Extracted data entries
%%
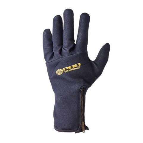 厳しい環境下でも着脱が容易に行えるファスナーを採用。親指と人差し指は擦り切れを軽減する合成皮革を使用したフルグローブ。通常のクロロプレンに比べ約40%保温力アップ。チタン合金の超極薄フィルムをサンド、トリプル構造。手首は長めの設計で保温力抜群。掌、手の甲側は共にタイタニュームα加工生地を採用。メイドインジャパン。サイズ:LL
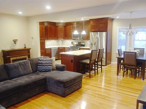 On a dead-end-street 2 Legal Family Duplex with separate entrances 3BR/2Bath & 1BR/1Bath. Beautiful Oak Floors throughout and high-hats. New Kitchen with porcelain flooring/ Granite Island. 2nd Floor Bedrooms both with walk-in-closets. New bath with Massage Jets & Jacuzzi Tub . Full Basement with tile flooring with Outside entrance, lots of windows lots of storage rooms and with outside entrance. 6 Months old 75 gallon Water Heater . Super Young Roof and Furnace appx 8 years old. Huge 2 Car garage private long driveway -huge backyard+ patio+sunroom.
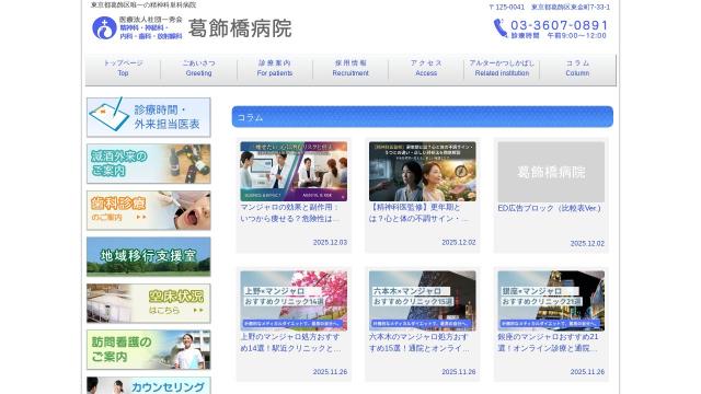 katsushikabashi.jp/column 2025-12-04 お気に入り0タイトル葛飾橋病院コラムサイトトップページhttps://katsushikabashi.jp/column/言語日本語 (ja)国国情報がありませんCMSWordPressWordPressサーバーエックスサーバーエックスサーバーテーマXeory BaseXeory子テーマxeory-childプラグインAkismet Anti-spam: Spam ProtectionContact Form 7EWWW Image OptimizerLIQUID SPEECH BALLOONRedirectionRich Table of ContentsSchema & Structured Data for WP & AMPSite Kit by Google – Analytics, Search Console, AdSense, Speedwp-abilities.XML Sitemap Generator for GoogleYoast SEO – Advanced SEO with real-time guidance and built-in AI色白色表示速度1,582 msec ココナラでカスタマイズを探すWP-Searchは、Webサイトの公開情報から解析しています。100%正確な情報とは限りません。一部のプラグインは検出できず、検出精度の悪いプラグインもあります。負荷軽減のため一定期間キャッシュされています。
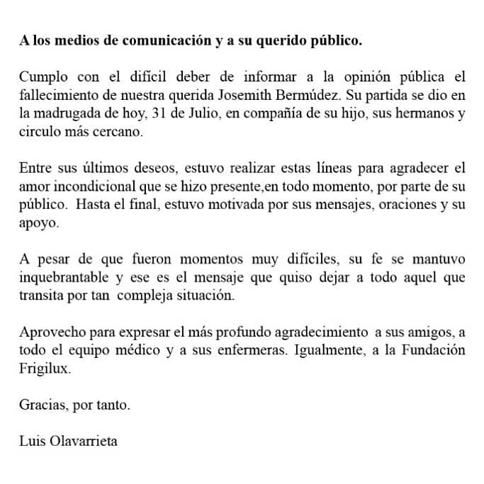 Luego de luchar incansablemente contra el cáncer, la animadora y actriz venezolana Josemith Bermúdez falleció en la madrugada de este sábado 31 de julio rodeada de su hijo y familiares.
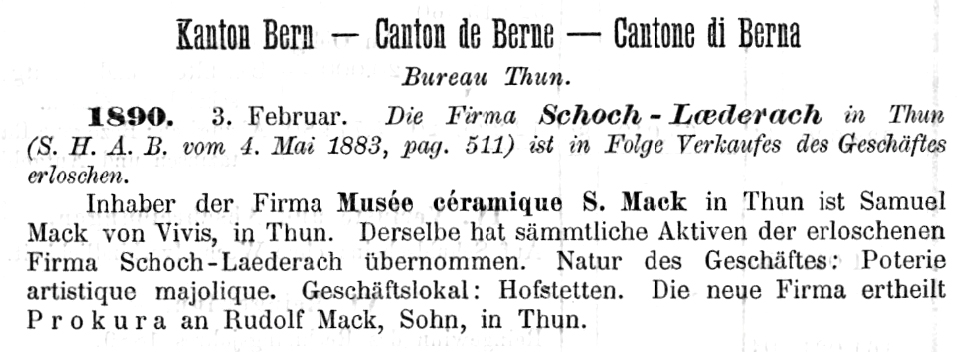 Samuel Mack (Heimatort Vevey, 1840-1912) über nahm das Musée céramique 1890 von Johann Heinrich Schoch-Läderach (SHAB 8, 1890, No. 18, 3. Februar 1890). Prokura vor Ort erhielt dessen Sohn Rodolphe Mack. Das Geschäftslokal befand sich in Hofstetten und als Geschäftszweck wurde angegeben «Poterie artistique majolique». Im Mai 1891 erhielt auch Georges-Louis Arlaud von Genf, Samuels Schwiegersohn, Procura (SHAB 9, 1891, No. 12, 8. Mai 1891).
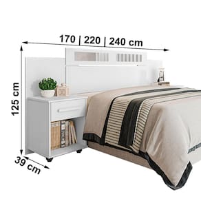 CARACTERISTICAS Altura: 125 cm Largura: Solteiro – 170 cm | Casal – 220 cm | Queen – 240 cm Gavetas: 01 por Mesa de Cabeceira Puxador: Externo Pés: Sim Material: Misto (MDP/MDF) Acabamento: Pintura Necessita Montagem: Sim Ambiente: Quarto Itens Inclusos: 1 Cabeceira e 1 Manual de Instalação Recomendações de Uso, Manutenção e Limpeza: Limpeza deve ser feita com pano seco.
%%
What you should do -
The reply should hold only the lines running from the top of the records to the line containing "Luego de luchar", both included, copied exactly with no pictures.

Response -
 厳しい環境下でも着脱が容易に行えるファスナーを採用。親指と人差し指は擦り切れを軽減する合成皮革を使用したフルグローブ。通常のクロロプレンに比べ約40%保温力アップ。チタン合金の超極薄フィルムをサンド、トリプル構造。手首は長めの設計で保温力抜群。掌、手の甲側は共にタイタニュームα加工生地を採用。メイドインジャパン。サイズ:LL
 On a dead-end-street 2 Legal Family Duplex with separate entrances 3BR/2Bath & 1BR/1Bath. Beautiful Oak Floors throughout and high-hats. New Kitchen with porcelain flooring/ Granite Island. 2nd Floor Bedrooms both with walk-in-closets. New bath with Massage Jets & Jacuzzi Tub . Full Basement with tile flooring with Outside entrance, lots of windows lots of storage rooms and with outside entrance. 6 Months old 75 gallon Water Heater . Super Young Roof and Furnace appx 8 years old. Huge 2 Car garage private long driveway -huge backyard+ patio+sunroom.
 katsushikabashi.jp/column 2025-12-04 お気に入り0タイトル葛飾橋病院コラムサイトトップページhttps://katsushikabashi.jp/column/言語日本語 (ja)国国情報がありませんCMSWordPressWordPressサーバーエックスサーバーエックスサーバーテーマXeory BaseXeory子テーマxeory-childプラグインAkismet Anti-spam: Spam ProtectionContact Form 7EWWW Image OptimizerLIQUID SPEECH BALLOONRedirectionRich Table of ContentsSchema & Structured Data for WP & AMPSite Kit by Google – Analytics, Search Console, AdSense, Speedwp-abilities.XML Sitemap Generator for GoogleYoast SEO – Advanced SEO with real-time guidance and built-in AI色白色表示速度1,582 msec ココナラでカスタマイズを探すWP-Searchは、Webサイトの公開情報から解析しています。100%正確な情報とは限りません。一部のプラグインは検出できず、検出精度の悪いプラグインもあります。負荷軽減のため一定期間キャッシュされています。
 Luego de luchar incansablemente contra el cáncer, la animadora y actriz venezolana Josemith Bermúdez falleció en la madrugada de este sábado 31 de julio rodeada de su hijo y familiares.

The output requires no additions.